Attachment #524902 - Flags: review?(mano) → ui-review?(faaborg)
Note that the original design meant for the "Remember" entry to show when the default settings for Firefox are in effect, "Don't Remember" to show when the default settings for permanent PB are in effect, and "Custom" to show in other cases...
Sure, and that's because in the original (still shipping in Firefox 4) design, the cookie prefs are inside the History section and below the global remember/dontremember/custom menulist. This global menulist would still rule the cookie prefs if the new Cookie button was to be in the same place as the old cookie controls. But since the Cookie button is not only torn out of the History section, but is now located above it in the Tracking section, I would find it surprising if the menulist would still magically twiddle with the cookie prefs. Also see the top left image of the mockup: the menulist is set to remember, and the description says: "Minefield will remember your browsing, download, form and search history". The current "and keep cookies from Web sites you visit" has been removed. That's because you can now set your cookie prefs independently from the global menulist.
>That's by design, at least if I understand the design correctly... >Moving Cookies out of the History section means that Cookies are pretty much >independent of the global Remember menu list. Hm, I wonder if we shouldn't move the "perament private browsing" mode option up in the hierarchy since it really does control both local privacy and to some extent network privacy. New mockup coming that shows that change. >I would find it surprising if the >menulist would still magically twiddle with the cookie prefs. yep, but check box at the highest level would then make sense for effecting the two sections below it.
(In reply to comment #14) > >That's by design, at least if I understand the design correctly... > >Moving Cookies out of the History section means that Cookies are pretty much > >independent of the global Remember menu list. > > Hm, I wonder if we shouldn't move the "perament private browsing" mode option > up in the hierarchy since it really does control both local privacy and to some > extent network privacy. I don't think so. Network privacy has never been the goal of PB, and the current implementation doesn't provide that. > >I would find it surprising if the > >menulist would still magically twiddle with the cookie prefs. > > yep, but check box at the highest level would then make sense for effecting the > two sections below it. The current privacy pane kind of reflects what happens implementation wise. I think that we're trying to move out of that model without changing the underlying implementation. This will lead to surprising results for our users, I'm afraid. :/
>I don't think so. Network privacy has never been the goal of PB, and the >current implementation doesn't provide that. While we don't want to tell users that we are giving them full network privacy (we aren't), there are a number of network privacy decisions we can make while the user is in private browsing mode to enhance their overall level of privacy. For instance, we currently turn off access to existing cookies (right?).
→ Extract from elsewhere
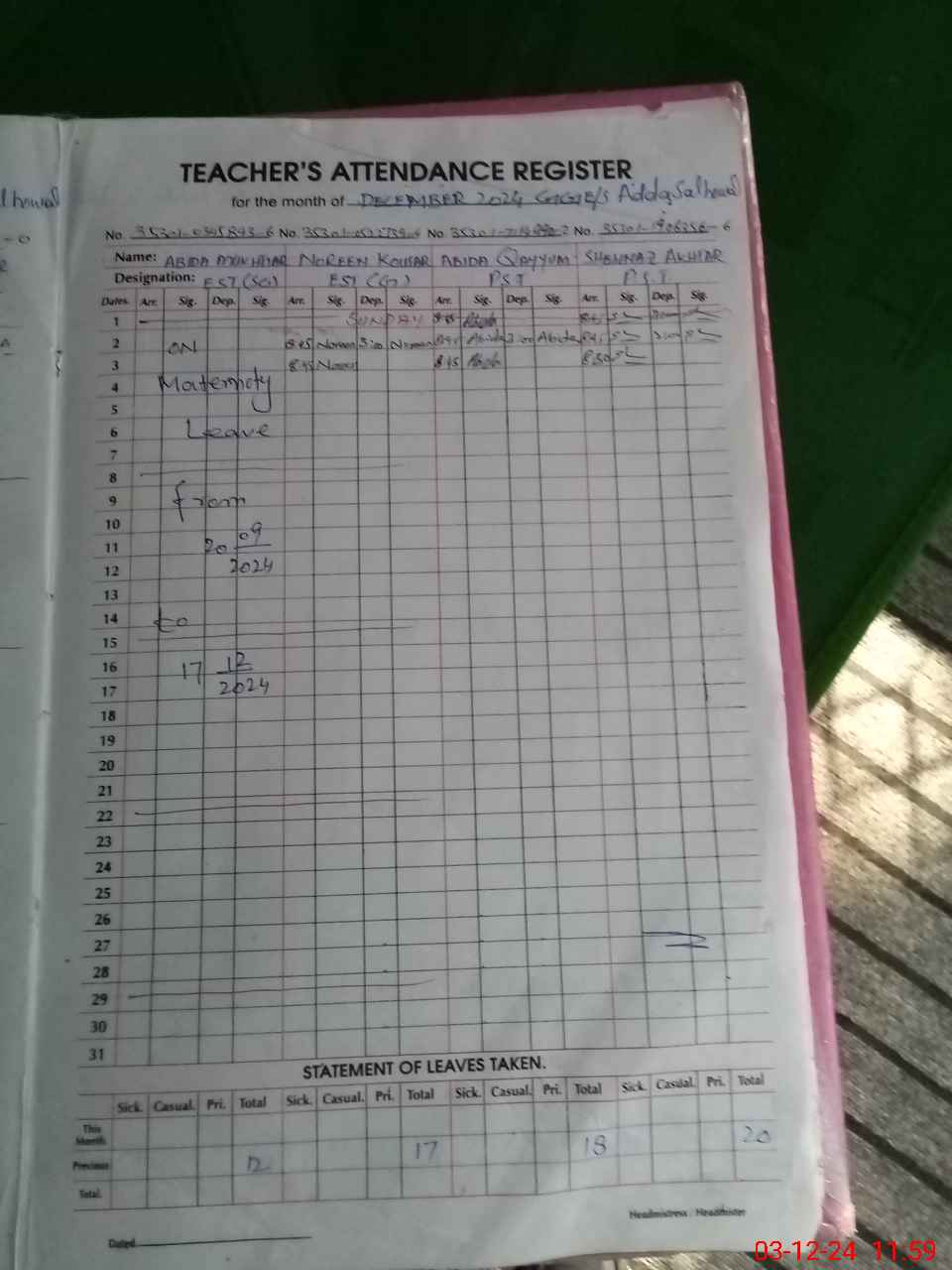 | 35**** | Ab**** Mu**** Ah**** | Regular | 30 | 0 | 0 | 30 | 0 | 0 | 0 | 0 | 0 | Maternity | |

Attached image New mockup of the privacy prefpane (deleted) —
This moves permanent private browsing mode back to the highest level control (since it effects all controls below it). Also, this changes the titles to "Online Tracking" and "Local History" to reinforce the online/local distinction with the groups.
some comments on the mock-up. whats the evidence that anyone wants "permanent private browsing mode" ? I'd suggest anyone that wants something like this wants the tor extension, and the private browsing as a feature is for people that want to intermittently use it? also, can you describe in some very simple steps how some one would enable DNT? if we create a world wide campaign to get people to enable DNT would that be easy to explain, and get users to sign up for?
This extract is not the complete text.